Writing, Fast and Slow
This past week, I finished drafting my latest work-in-progress, tentatively called Generations. Typing out “The End” was quite the emotional moment for me: reader, I cried. That’s something that hadn’t happened to me before, and I suspect it’s because I am becoming more of a softie. Or maybe the draft is tear-inducingly bad. Only time will tell.
I started this project as part of NaNoWriMo 2020, which saw me frantically chasing after my daily word count goal in order to make it to 50k by the end of November. I made it, but barely. At that point, the story was not even close to halfway done, and the last half-year was when most of the manuscript came together. By the time I’d wrapped the whole thing up, the word count was 113,000.
Some writer friends have called my pace “fast”, and depending on where you’re standing—as a writer, reader, or consumer of any form of art or media—that may seem like a good thing. We’re part of a culture that places an inordinate amount of value on speed, using it as a proxy for productivity or prolificness, which under hustle culture is deemed desirable. Fast drafting can also be viewed as good for silencing a strong internal editor—for some, that is the main draw of participating in NaNoWriMo.

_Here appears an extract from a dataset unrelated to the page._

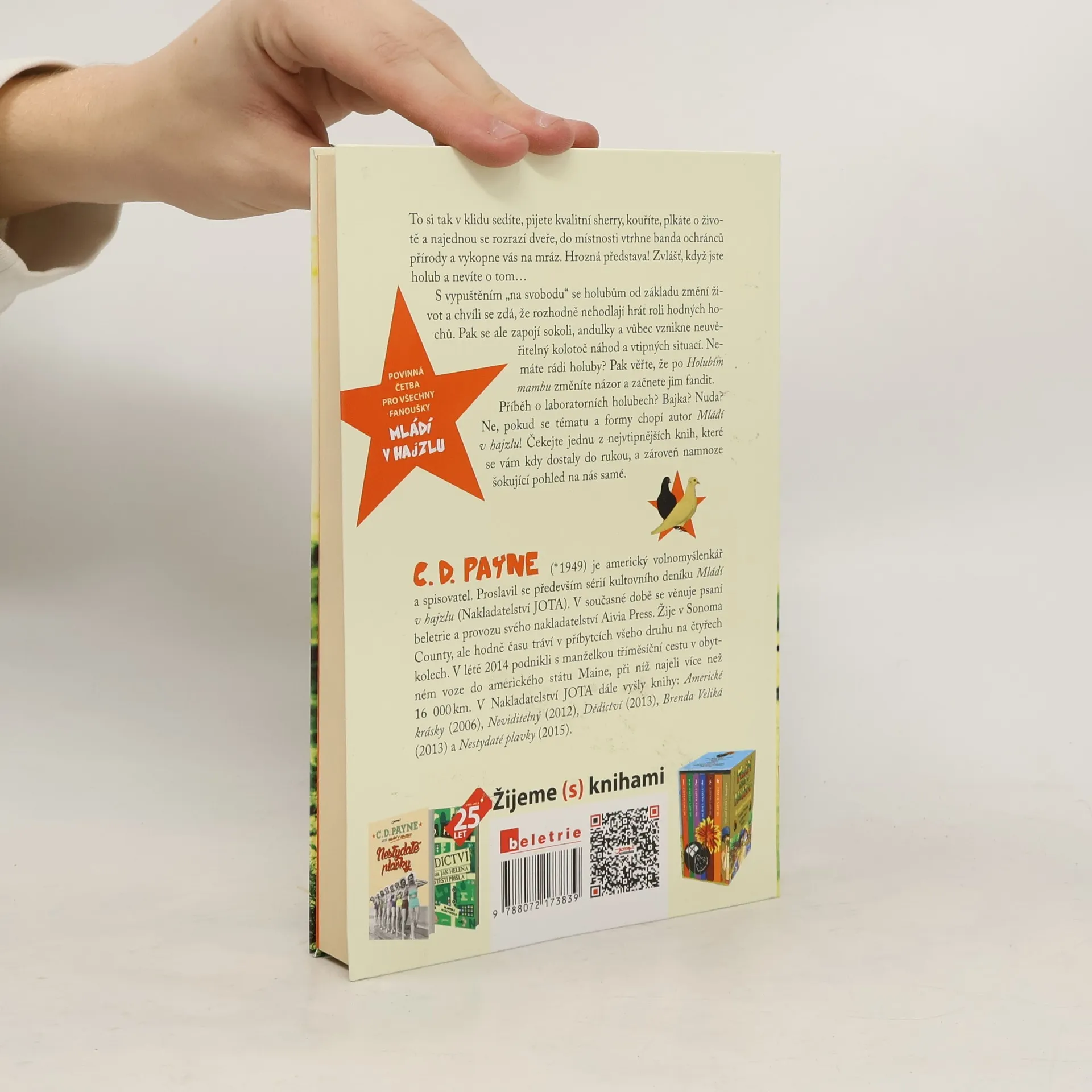 Co si myslí holubi, které banda ochránců přírody odvleče z útulné laboratoře, kde se ve jménu vědy zcela spokojeně učí kouřit, opíjet a přejídat, aby se zjistily účinky téhož na lidský organismus, vám vynalézavě a vtipně tlumočí autor oblíbeného románu Mládí v hajzlu. Z neuvěřitelného kolotoče vyjdou holubi smířeni s faktem, že jsou zřejmě přece jen ptáci, a dokonce na to začnou být hrdi.

Of course some folks are of another mind: they think writing fast produces inferior work. A prominent SF author tweeted something about this earlier today. The tweet has since been deleted, so I’m redacting the person’s identifying info:
I’m not too interested in what’s fast or slow, whether one’s writing pace affects the quality of the work, or whether a more productive author is necessarily a more dedicated, more hardworking author, mostly because these terms are relative and meaningless. There is no “fast” or “slow” when it comes to writing. Six months on Generations seems fast compared to something else, like the year-plus it took me to draft The Sleepless. But we’re not even talking about revision time, which for this project could take another six months if not more. And that’s just me. Every writer has their own process, and every book requires its own process. The work takes the amount of time it takes. Some books take years, some take weeks, with varying degrees of quality. (What is “good” writing also feels like such a slippery term, but that’s a topic for another day).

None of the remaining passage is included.